Instructions to follow:
Your answer should hold exactly the lines below from the line with "胡散臭い通販商品みたいなあだ名 | 『全米が絶賛したサプリメント…その名も「レアチーズ」』 |" through the line with "이번 대회에서 특색있는", both included, and no pictures at all.

Entries supplied:
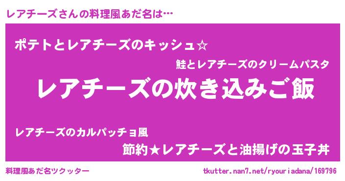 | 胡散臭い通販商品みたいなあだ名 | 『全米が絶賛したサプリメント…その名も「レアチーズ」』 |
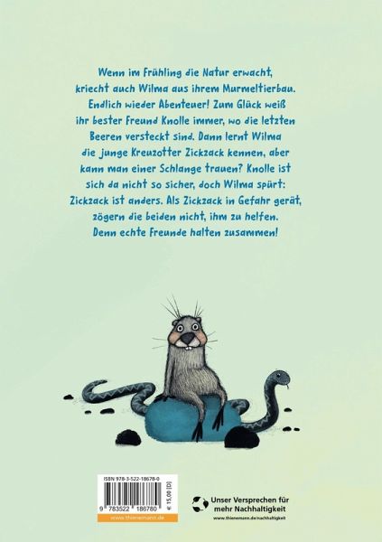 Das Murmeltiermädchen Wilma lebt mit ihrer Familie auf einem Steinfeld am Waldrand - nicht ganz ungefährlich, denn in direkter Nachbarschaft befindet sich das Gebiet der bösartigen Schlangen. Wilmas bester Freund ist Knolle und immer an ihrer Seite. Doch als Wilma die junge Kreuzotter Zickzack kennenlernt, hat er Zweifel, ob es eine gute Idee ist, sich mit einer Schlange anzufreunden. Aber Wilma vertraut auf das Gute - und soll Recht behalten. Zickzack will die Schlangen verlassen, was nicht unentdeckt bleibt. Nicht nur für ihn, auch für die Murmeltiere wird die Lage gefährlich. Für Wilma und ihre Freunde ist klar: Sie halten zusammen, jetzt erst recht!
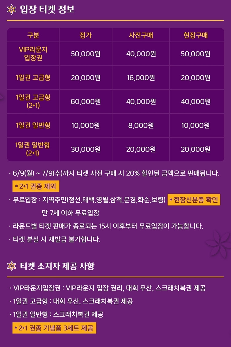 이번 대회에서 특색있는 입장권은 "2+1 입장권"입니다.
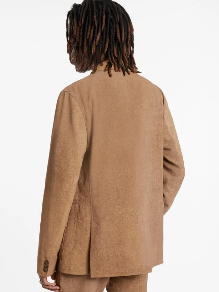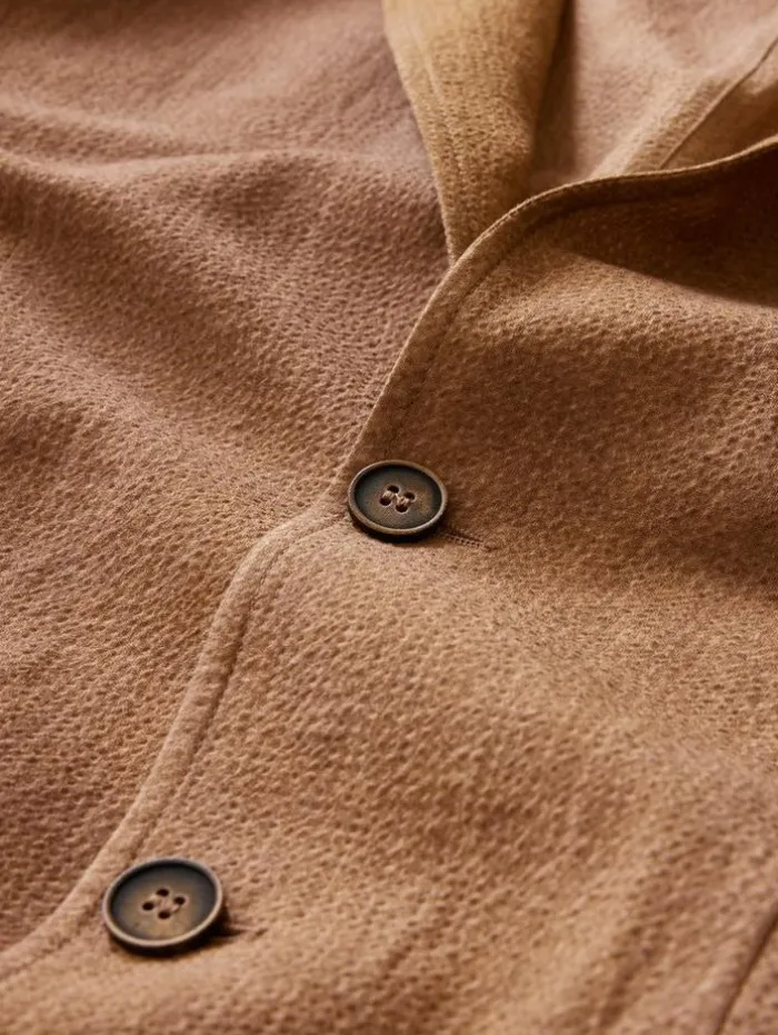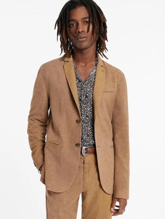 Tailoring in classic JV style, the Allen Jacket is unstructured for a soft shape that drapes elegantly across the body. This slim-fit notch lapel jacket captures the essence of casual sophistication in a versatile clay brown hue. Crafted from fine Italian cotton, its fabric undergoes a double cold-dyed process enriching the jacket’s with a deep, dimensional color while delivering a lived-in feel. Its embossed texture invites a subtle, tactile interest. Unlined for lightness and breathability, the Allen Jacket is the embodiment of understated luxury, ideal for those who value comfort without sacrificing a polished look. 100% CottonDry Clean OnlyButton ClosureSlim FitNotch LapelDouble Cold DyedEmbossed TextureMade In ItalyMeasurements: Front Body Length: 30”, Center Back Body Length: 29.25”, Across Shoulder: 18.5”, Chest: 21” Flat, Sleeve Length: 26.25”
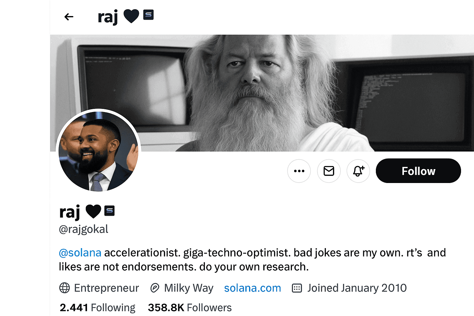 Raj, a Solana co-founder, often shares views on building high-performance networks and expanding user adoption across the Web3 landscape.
==
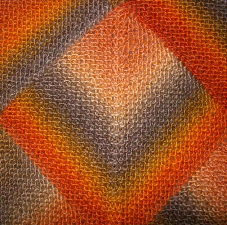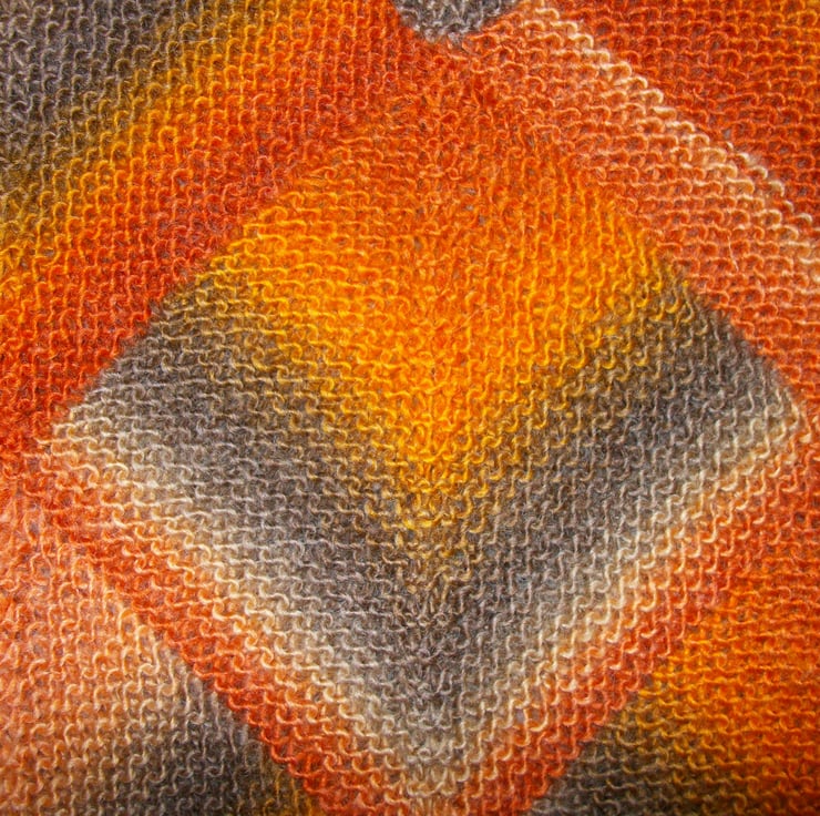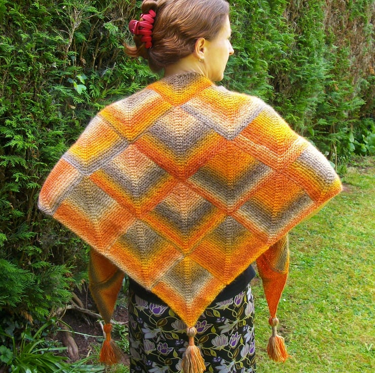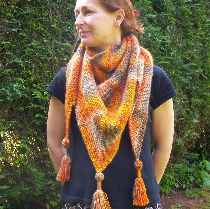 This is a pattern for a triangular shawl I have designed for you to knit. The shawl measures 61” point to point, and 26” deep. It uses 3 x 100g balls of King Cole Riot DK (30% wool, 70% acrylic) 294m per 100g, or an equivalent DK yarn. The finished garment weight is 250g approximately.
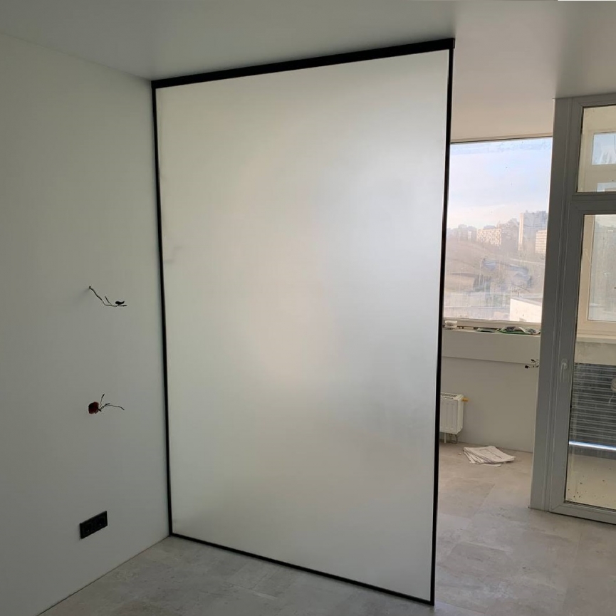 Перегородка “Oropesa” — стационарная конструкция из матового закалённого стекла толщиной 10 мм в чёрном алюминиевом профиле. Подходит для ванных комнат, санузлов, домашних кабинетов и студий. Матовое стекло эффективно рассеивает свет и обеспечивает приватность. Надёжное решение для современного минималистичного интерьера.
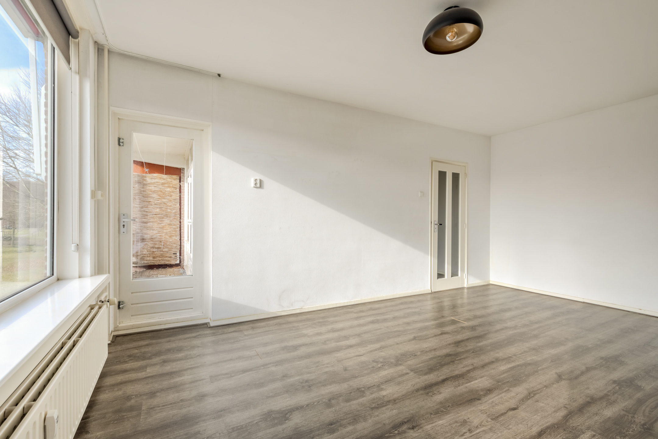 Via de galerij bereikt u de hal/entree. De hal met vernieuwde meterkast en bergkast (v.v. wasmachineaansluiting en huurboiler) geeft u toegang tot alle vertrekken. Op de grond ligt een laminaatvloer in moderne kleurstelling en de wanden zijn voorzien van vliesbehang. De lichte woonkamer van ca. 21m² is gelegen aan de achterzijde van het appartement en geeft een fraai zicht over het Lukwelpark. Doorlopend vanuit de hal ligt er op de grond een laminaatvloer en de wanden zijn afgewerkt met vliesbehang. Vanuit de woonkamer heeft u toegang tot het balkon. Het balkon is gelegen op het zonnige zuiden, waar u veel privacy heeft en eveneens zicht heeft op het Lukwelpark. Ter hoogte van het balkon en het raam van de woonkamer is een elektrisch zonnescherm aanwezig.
---
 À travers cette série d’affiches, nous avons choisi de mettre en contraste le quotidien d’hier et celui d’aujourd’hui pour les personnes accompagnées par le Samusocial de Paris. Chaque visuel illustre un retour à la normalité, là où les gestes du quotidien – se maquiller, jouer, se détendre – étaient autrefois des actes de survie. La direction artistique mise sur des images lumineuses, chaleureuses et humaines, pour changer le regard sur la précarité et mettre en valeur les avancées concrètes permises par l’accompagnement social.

Task solution:
 | 胡散臭い通販商品みたいなあだ名 | 『全米が絶賛したサプリメント…その名も「レアチーズ」』 |
 Das Murmeltiermädchen Wilma lebt mit ihrer Familie auf einem Steinfeld am Waldrand - nicht ganz ungefährlich, denn in direkter Nachbarschaft befindet sich das Gebiet der bösartigen Schlangen. Wilmas bester Freund ist Knolle und immer an ihrer Seite. Doch als Wilma die junge Kreuzotter Zickzack kennenlernt, hat er Zweifel, ob es eine gute Idee ist, sich mit einer Schlange anzufreunden. Aber Wilma vertraut auf das Gute - und soll Recht behalten. Zickzack will die Schlangen verlassen, was nicht unentdeckt bleibt. Nicht nur für ihn, auch für die Murmeltiere wird die Lage gefährlich. Für Wilma und ihre Freunde ist klar: Sie halten zusammen, jetzt erst recht!
 이번 대회에서 특색있는 입장권은 "2+1 입장권"입니다.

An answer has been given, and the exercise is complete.